The Ottoman Empire was established by the Kayı tribe of Oghuz Turks in western Anatolia and was ruled by the Ottoman Dynasty, the descendants of those Turks. It was founded by Osman I (1299-1326) (Arabic: عُثمَان ʿUthmān; hence the name Ottoman Empire). In 1453, following the capture of Constantinople (modern İstanbul) from the Byzantine Empire, the city became the new capital of the Ottoman Empire, under the name Kostantiniyye (قسطنطنيه), with variations on the name soon cropping up: (در سعادت Dersaadet, در عاليه Derâliye, پایتخت Pâyitaht[2]). Islambol, meaning "full of Islam" and under which the Turks had known the city since the 11th century, was another variation on the name "Istanbul".

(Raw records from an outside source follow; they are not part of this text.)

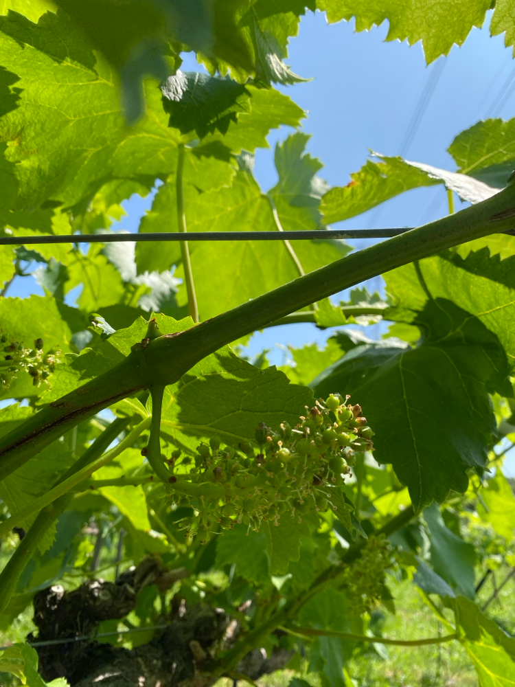 少し前にブドウの花が咲きました。 蕾から出ている線のようなものがブドウの花です。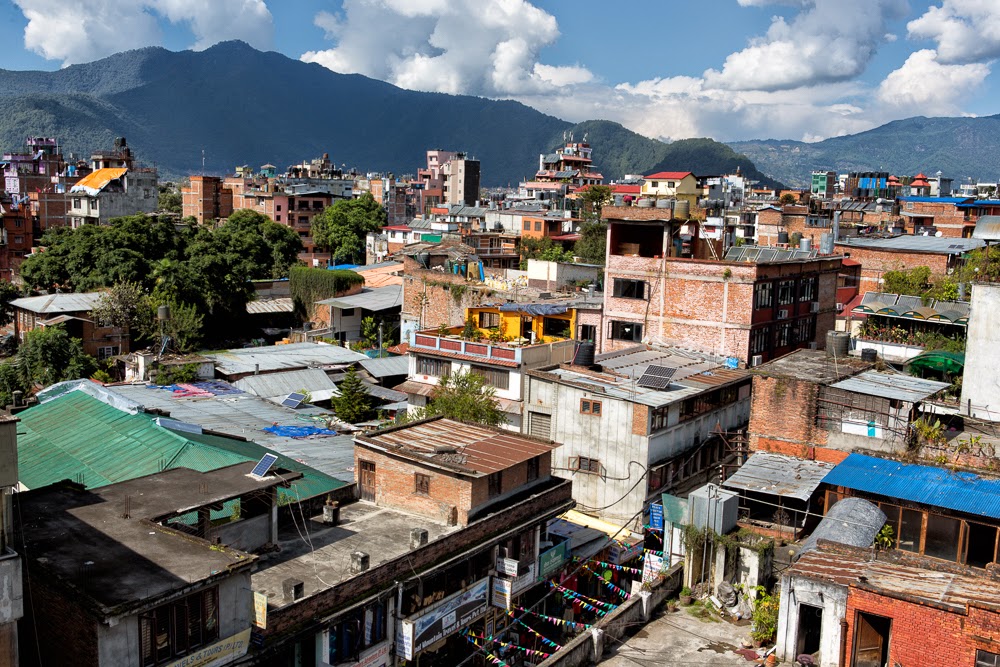 | We ate lunch at a roof top restaurant close to our hotel. Many of the older buildings in Nepal have six foot ceiling heights. Historically Nepali people weren't very tall. |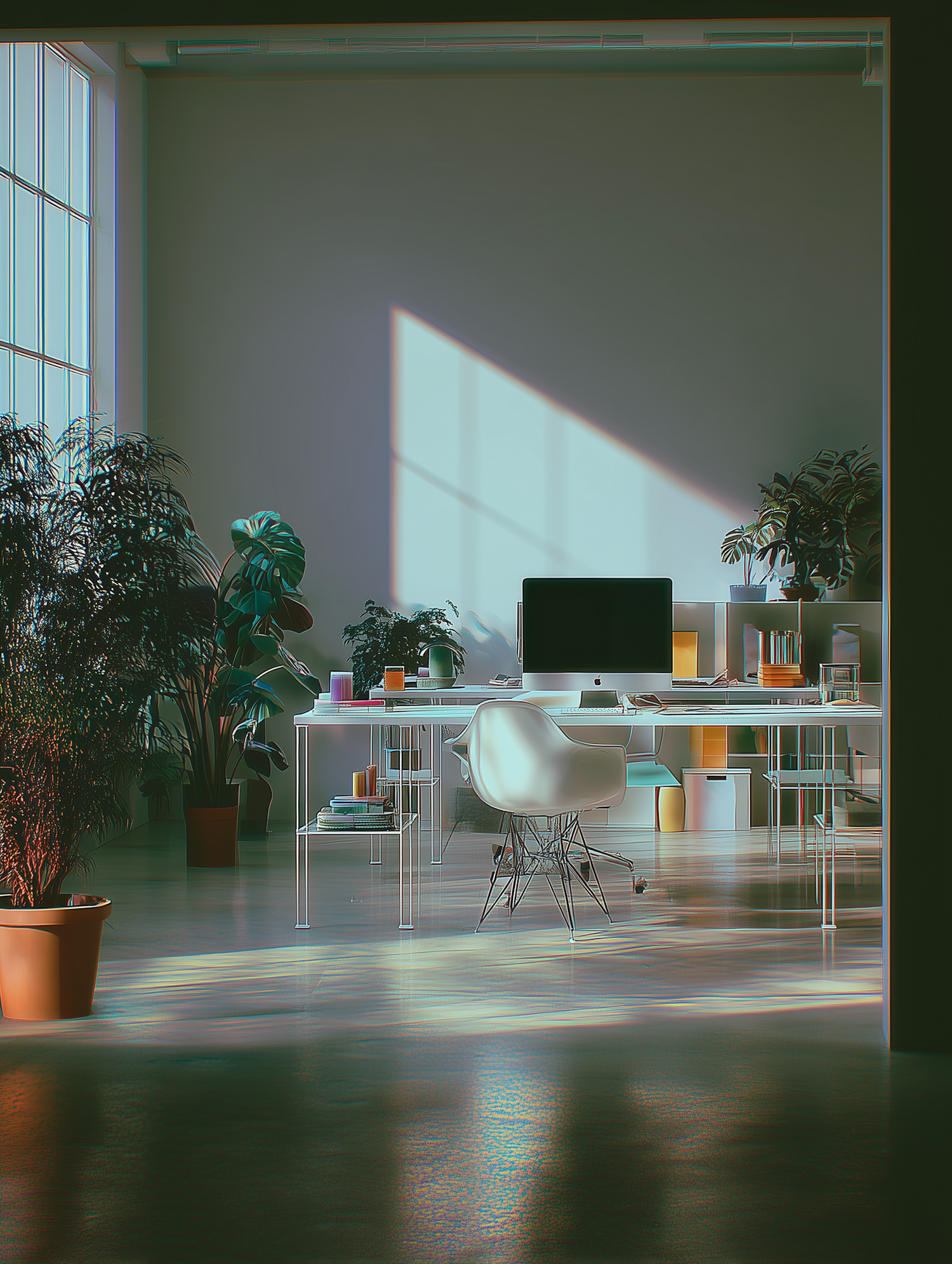A modern, sunlit workspace with a white desk, ergonomic chair, computer, and lush green plants, creating a serene and productive environment.
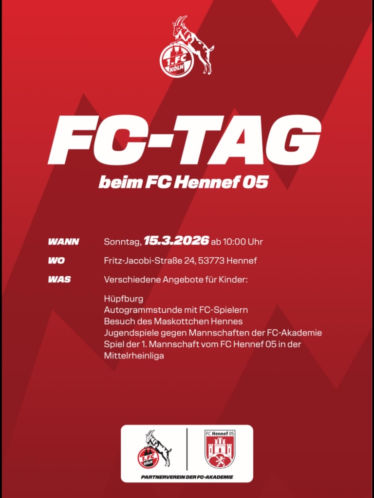 Clubnews 05 3. Spieltag in der U17 DFB-Nachwuchsliga Mittwoch, Februar 25, 2026 Super Einstieg in die MRL-Rückrunde Mittwoch, Februar 25, 2026 FC-Tag mit unserem Partnerverein 1. FC Köln! Donnerstag, Februar 19, 2026 Fussballclub Hennef 05Besonders und gutErlebe unser Team hautnah im Anton Klein Sportpark beim Kampf um die Meisterschaft. Gespannt, mitfiebernd, emotionsgeladen. Stadionatmosphäre besonders und gut. Ticketshop ErgebnisseDie letzten SpieleBald verfügbar NeuigkeitenClubnews 05 CampsFC Hennef 05 Termine Ostern 2026 Anmelden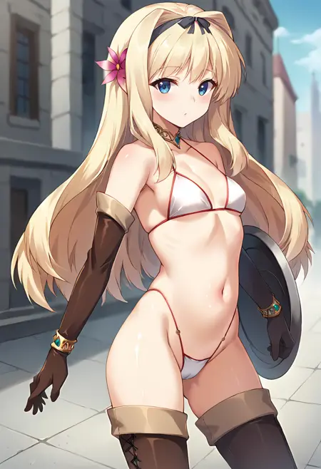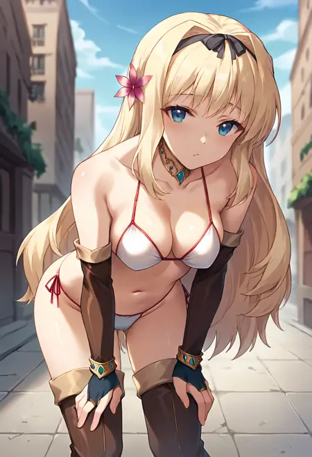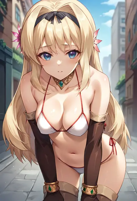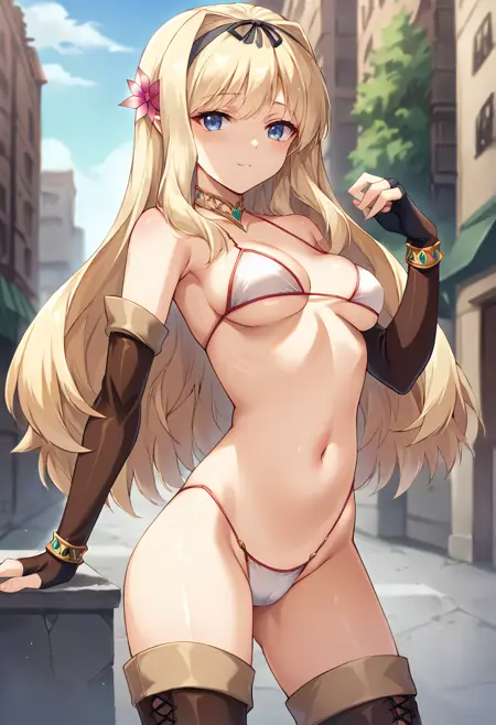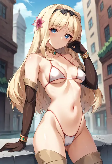 score_9, score_8_up, score_7_up, masterpiece, source_anime, 1girl, ct_sasa, long hair, medium breasts, blonde hair, black hairband, gold choker, hair flower, white bikini, elbow gloves, bracelet, brown thigh boots, outdoors, city, depth of field, looking at viewer, cowboy shot, shiny skin,

In the 16th and 17th centuries, the Ottoman Empire was among the world's most powerful political entities, with the powers of eastern Europe constantly threatened by its steady advance through the Balkans and the southern part of the Polish-Lithuanian Commonwealth. Its navy was also a powerful force in the Mediterranean. On several occasions, the Ottoman army invaded central Europe, laying siege to Vienna in 1529 and again in 1683 in an attempt to conquer the Habsburg domain, and was only finally repulsed by great coalitions of European powers at sea and on land. It was the only non-European power to seriously challenge the rising power of the West between the 15th and 20th centuries, to such an extent that it became an integral part of European balance of power politics.

The dissolution of the empire was a direct consequence of World War I, when the Allied Powers defeated the Central Powers in Europe as well as the Ottoman forces in the Middle East. At the end of the war, the Ottoman government collapsed and the empire was conquered and divided among the victorious powers. Subsequent years saw the declaration of new states from the remnants of the Ottoman Empire, whose central lands became the Republic of Turkey. The members of the ruling Osmanlı family were subsequently exiled from Turkey in 1923 and 1924 for political reasons. In 1974, after 50 years, the Turkish Parliament granted the right to re-acquire Turkish citizenship for the family descendants, which they all did in the following decades in a process completed by the citizenship of the head of the family, Ertuğrul Osman V in 2004.